I realized a few nights later that my narrative had changed. I was telling people I want to be a writer because I want to use all the experiences that I’ve had, all the education, all the difficult periods in my life and make that into art that can help people. I want to be my teenage-self again, she who wanted to make the world a better place, if only a little.

That talk about making money – that had only been a superficial argument, because if I had analyzed myself more completely (which I usually do, but this was my blind spot apparently) I would have seen that I have turned down job offers, because they would interfere with our family life, which always takes precedence. I’ve turned down queries about ads on my blog, haven’t written sponsored content almost at all, and turned down lots of little doses of well-needed money because I felt they would cause me more pain than gain in the long run. They would have chipped off a bit of what I felt was me.

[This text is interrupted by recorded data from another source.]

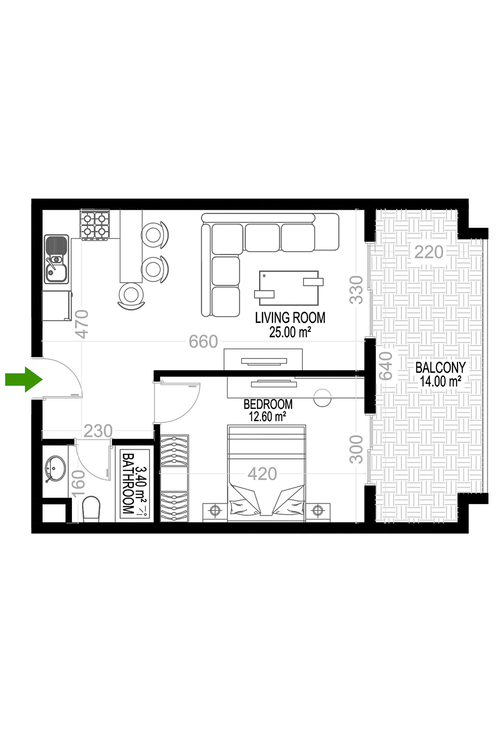 Yekta Kingdom Premium B 1+1 bolig plan Nr №30 68 kvm
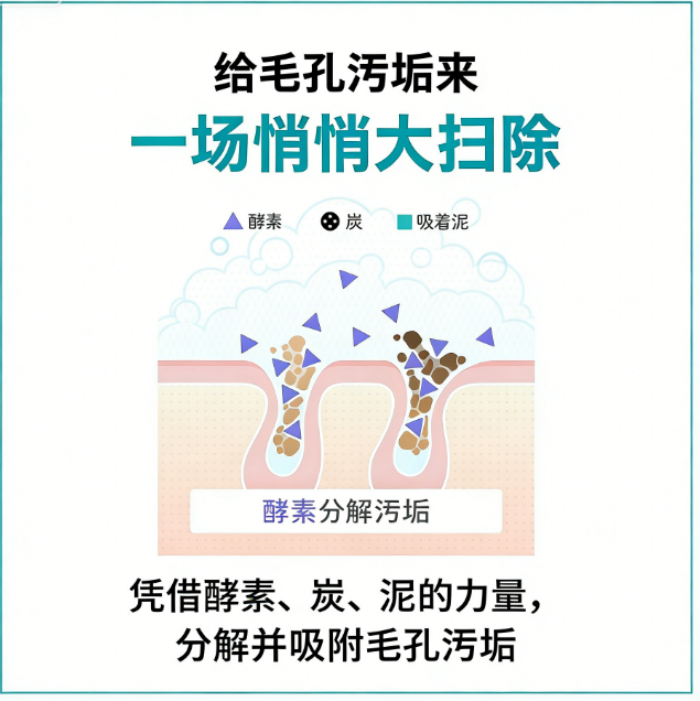 【清洁成分】酵素(蛋白酶)、炭、泥(碧玄岩)、椰油酰甘氨酸钾等温和表面活性剂,深层清洁同时温和护肤;
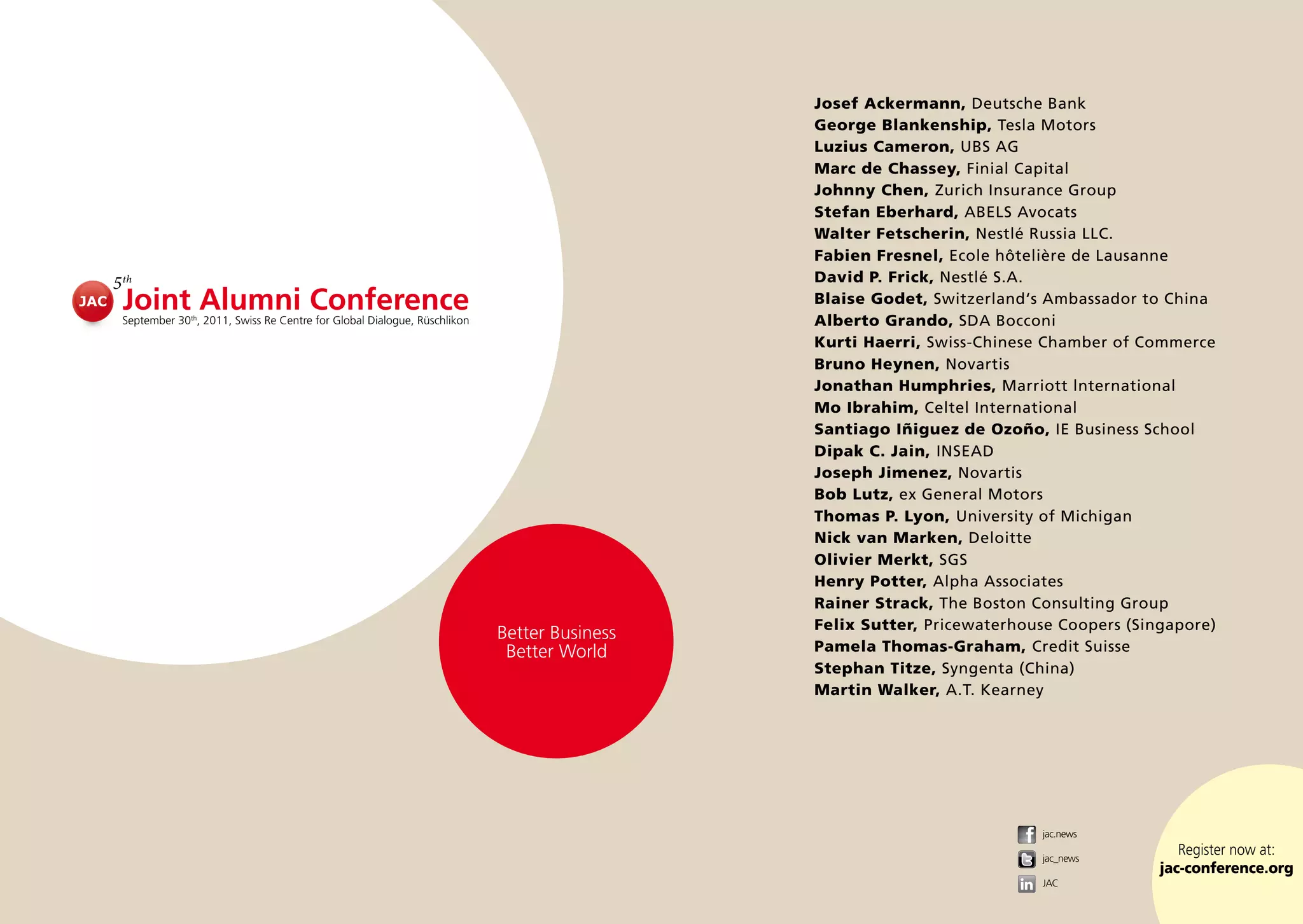 The document provides information about the 5th Joint Alumni Conference (JAC) that was held on September 30th, 2011 at the Swiss Re Centre for Global Dialogue in Rüschlikon. The one-day conference brought together over 300 business leaders and top executives from various industries and backgrounds to explore the future of business. A number of high-profile speakers from organizations like Deutsche Bank, Novartis, and General Motors presented on topics related to leadership, sustainability, innovation, and doing business in Asia and Russia. The event also featured panel discussions and networking opportunities for participants.
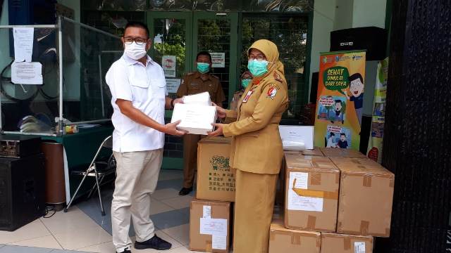 Penyerahan peralatan swab kit oleh Wihadi Wiyanto diterima langsung kepala Dinkes, Ani Pudjiningrum didampingi Sekretaris Dinas Kesehatan (Dinkes) Kabupaten Bojonegoro, Suharto dan Kepala Bidang Pengendalian Penyakit Dinkes Bojonegoro, dr Wheny Dyah.
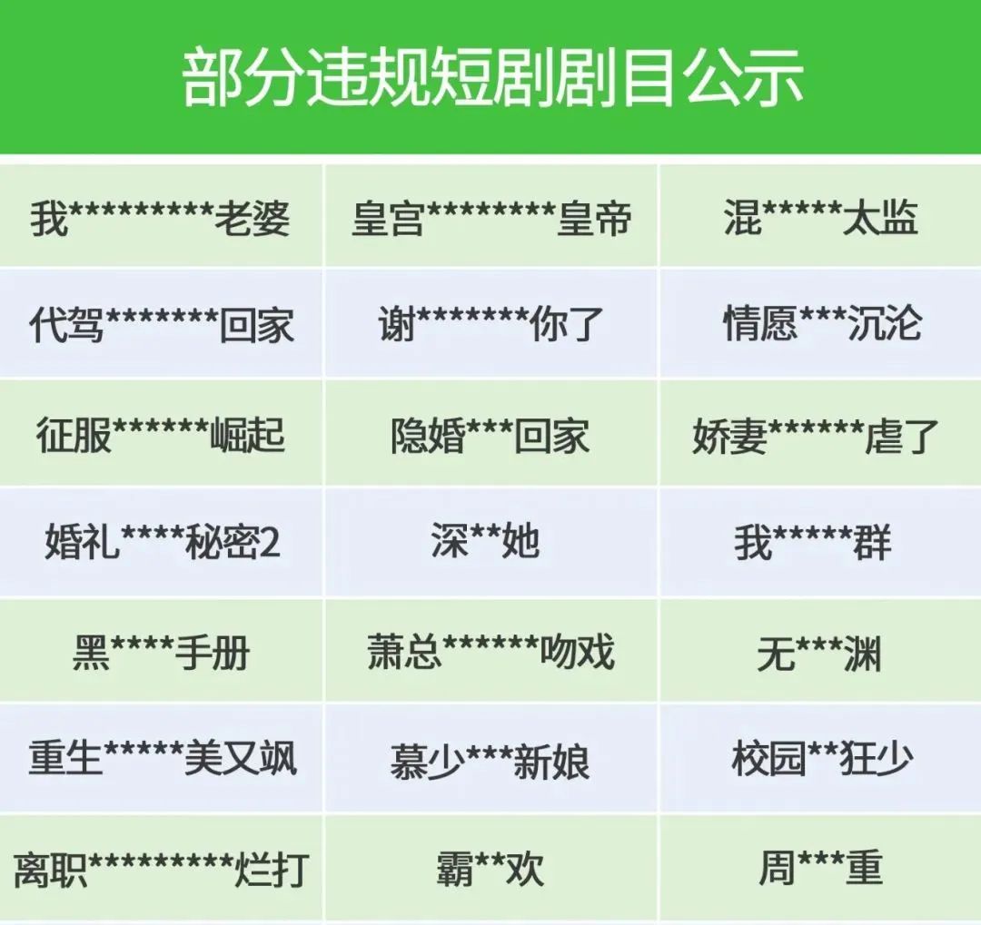 近期,平台通过巡查审核发现,部分微短剧类小程序存在未进行剧目合规备案或存在不良导向价值观内容等行为。根据国家相关法律法规要求以及《腾讯微信软件许可服务协议》《微信小程序运营规范》的相关规定,平台下架了部分违规微短剧剧目,并对相关违规小程序进行处置。
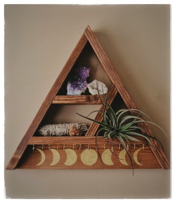 Un refugio de poder donde tus amuletos, cristales y objetos energéticos encuentran su lugar sagrado. Cada altar, trabajado a mano en madera de pino, está inspirado en la geometría sagrada y pensado para elevar la vibración de tu espacio.
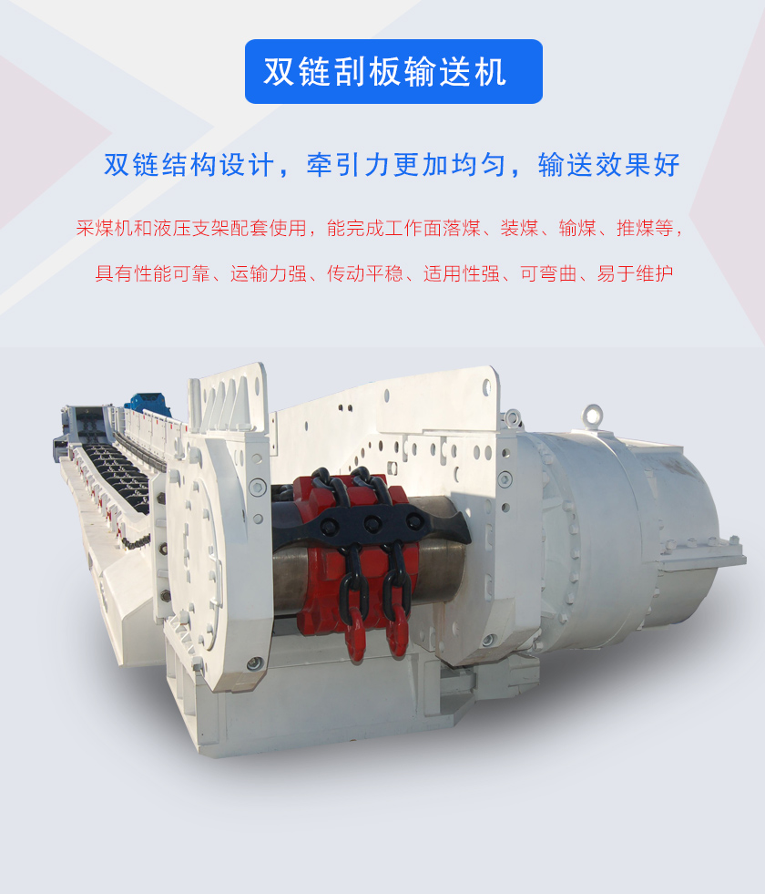 双链刮板输送机采用双排刮板链牵引,在槽内运送散料的输送机,适用于不同条件下的采煤工作面,能与各种类型的采煤机和液压支架配套使用,能完成工作面落煤、装煤、输煤、推煤等,具有性能可靠、运输力强、传动平稳、适用性强、可弯曲、易于维护等特点。
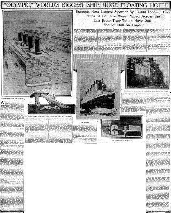 The Olympic and her sister ship the Titanic were similar ocean liners for the White Star Line, starting construction just a few months apart. Of course, the Titanic met famously with disaster just about 18 months after this article was written, but the Olympic continued service until 1935 despite having her own mishaps.
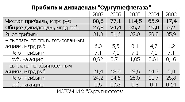 Общие дивиденды "Сургута" за последние пять лет составляли в среднем около 30% прибыли. Если пропорция сохранится, общие выплаты могут составить около 43 млрд руб., в полтора раза больше, чем за 2007 г. И тогда компания побьет собственный рекорд, поставленный в 2005 г.: общие выплаты тогда составили 36,7 млрд руб.
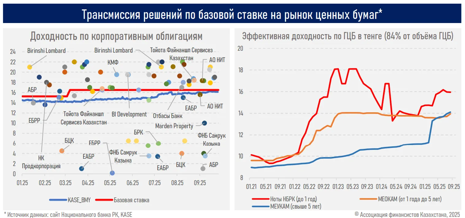 Аналитический центр Ассоциации финансистов Казахстана (АФК) представил озор процентных ставок на финансовом рынке Казахстана на 1 октября 2025 года.

And that is why ”I want to make money writing” is not the complete picture. That would be great, but that is not my main reason for writing. My main reason is to be truthful. To be part of the community. To get to tell stories that make the world a better place for my kids. To write stories for my adolescent self, she who was fed up with girls not getting to go on adventures in books or not getting to be anti-heroes.

To be that idealist that my husband and the rest of the world thought was a bit crazy, and not grown up enough. But that is who I am, deep inside, and that is what I want to be when I grow up. This crazy, idealist woman, who inside is still a teenager feeling everything in deep colours, and who wants to use all the impulses and inspiration that she gets from everywhere in art. In writing.

My new bucket list is very Prague-oriented – luckily we live just a cheap plane flight away from Prague, so this feels like something we might actually do some day!